Ramadan, Passover Huge Fear Factor for Spread of Coronavirus — Health Ministry Chief

An Israeli man arrives to vote at a polling booth specially erected for the 5,600 voters under quarantine, many of whom visited countries where the coronavirus COVID-19 is prevalent, during parliamentary elections in the northern Israeli city of Haifa on March 2, 2020. - Israelis were voting for a third …

TEL AVIV – The upcoming holidays of Passover and Ramadan, which fall back to back this year, are a “danger” to the population and threaten to overwhelm the fight against COVID-19, the the Health Ministry’s director-general warned Thursday.

Eight Israelis have died from COVID-19 as of Thursday afternoon, out of 2,666 cases. 39 patients are in critical condition and Moshe Bar Siman Tov warned that that number is likely to jump to more than 200 in the next week.

Israel’s health system is unequipped to deal with so many critical cases, a new Knesset report showed, with only 758 ICU beds and 1,437 ventilators available.

With 926 doctors and 1,192 nurses in quarantine, Israeli hospitals are also understaffed, the report by the Knesset Research and Information Center said. Hospitals are also lacking masks and protective suits.

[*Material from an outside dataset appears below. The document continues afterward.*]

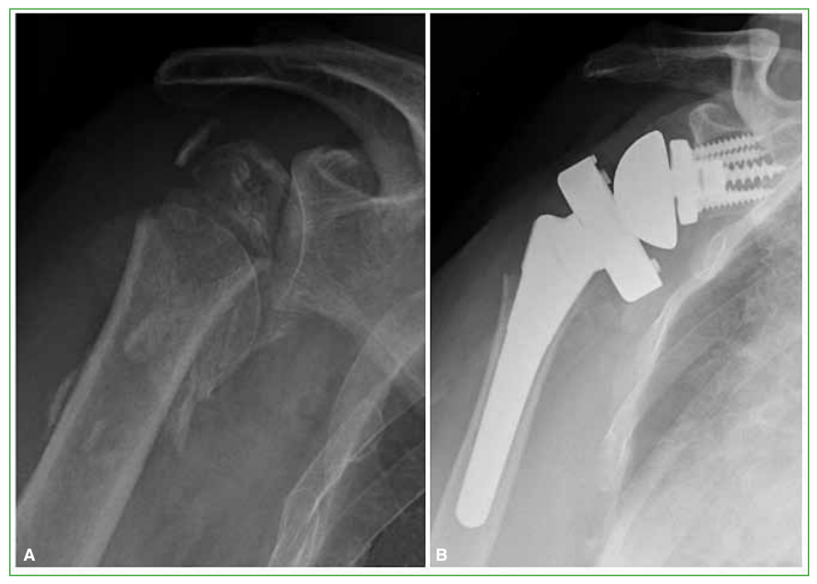
Figure 3. Anteroposterior radiograph of the right shoulder, preoperative (A) and one year after surgery for a fracture of the right proximal humerus treated with an reverse arthroplasty. Resorption of the tuberosities is observed.

“This event is a tsunami that could not have been prepared for,” Bar Siman Tov said.

He said that the report skewed the numbers of available ventilators.

“We have in stock about 1,500 usable and available ventilators,” he said. “There are another 70 ventilators in the private sector that we will use as well. We currently have 2,864 machines above those currently in use, assuming they are all in working order.”

“We want to take hard steps now to allow us some degree of freedom after Passover to try to free the economy a little in a managed and controlled way… We especially want to reduce the number of patients who are suffering and conquer the illness significantly,” he said.

“We are very scared of what will happen on Passover and Ramadan when people come out and meet each other – this is the most dangerous thing there is. The next two weeks are critical for our success against the disease.”

“We are in a situation where the number of sick is doubling every three days,” said Bar Siman Tov.

Within a week, he said, Israel would have 200 critically ill COVID-19 patients.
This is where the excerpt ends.